At a depth of 1 m, which is at the water table, the total stress (\( \sigma \)) is calculated as the unit weight of the soil times the depth, so \( \sigma = 20 \, \mathrm{kN/m^3} \times 1 \, \mathrm{m} = 20 \, \mathrm{kN/m^2} \). The pore water pressure (\( u \)) at this depth is 0, since it's at the water table.

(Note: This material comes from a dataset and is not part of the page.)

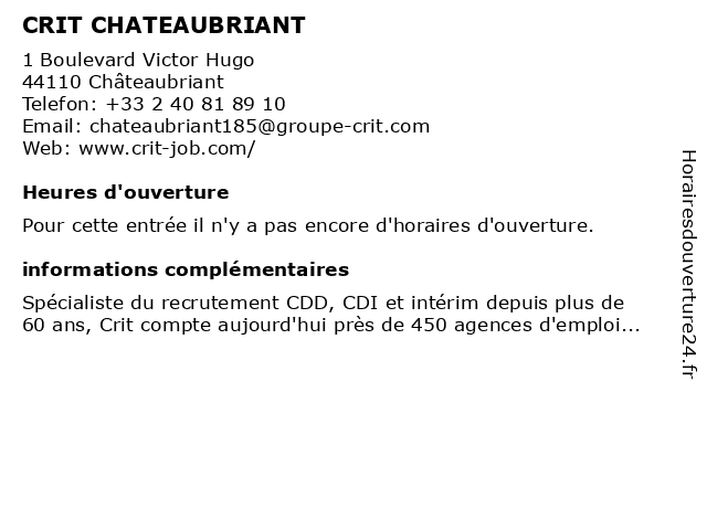 Termes de recherche pour CRIT CHATEAUBRIANT:chateaubriant, crit |

The effective stress (\( \sigma' \)) is then \( \sigma - u = 20 \, \mathrm{kN/m^2} - 0 = 20 \, \mathrm{kN/m^2} \). At a depth of 3 m, total stress is \( \sigma = 20 \, \mathrm{kN/m^3} \times 3 \, \mathrm{m} = 60 \, \mathrm{kN/m^2} \). The pore water pressure (\( u \)) can be calculated as the unit weight of water (≈ 10 kN/m³) times the depth below the water table, so at 2 m (3 m - 1 m), \( u = 10 \, \mathrm{kN/m^3} \times 2 \, \mathrm{m} = 20 \, \mathrm{kN/m^2} \). The effective stress is \( \sigma' = 60 \, \mathrm{kN/m^2} - 20 \, \mathrm{kN/m^2} = 40 \, \mathrm{kN/m^2} \). At a depth of 5 m, total stress is \( \sigma = 20 \, \mathrm{kN/m^3} \times 5 \, \mathrm{m} = 100 \, \mathrm{kN/m^2} \). For the pore water pressure, at 4 m below the water table (5 m - 1 m), \( u = 10 \, \mathrm{kN/m^3} \times 4 \, \mathrm{m} = 40 \, \mathrm{kN/m^2} \). Thus, the effective stress is \( \sigma' = 100 \, \mathrm{kN/m^2} - 40 \, \mathrm{kN/m^2} = 60 \, \mathrm{kN/m^2} \). In summary: - At 1 m: \( \sigma = 20 \, \mathrm{kN/m^2}, u = 0, \sigma' = 20 \, \mathrm{kN/m^2} \) - At 3 m: \( \sigma = 60 \, \mathrm{kN/m^2}, u = 20 \, \mathrm{kN/m^2}, \sigma' = 40 \, \mathrm{kN/m^2} \) - At 5 m: \( \sigma = 100 \, \mathrm{kN/m^2}, u = 40 \, \mathrm{kN/m^2}, \sigma' = 60 \, \mathrm{kN/m^2} \)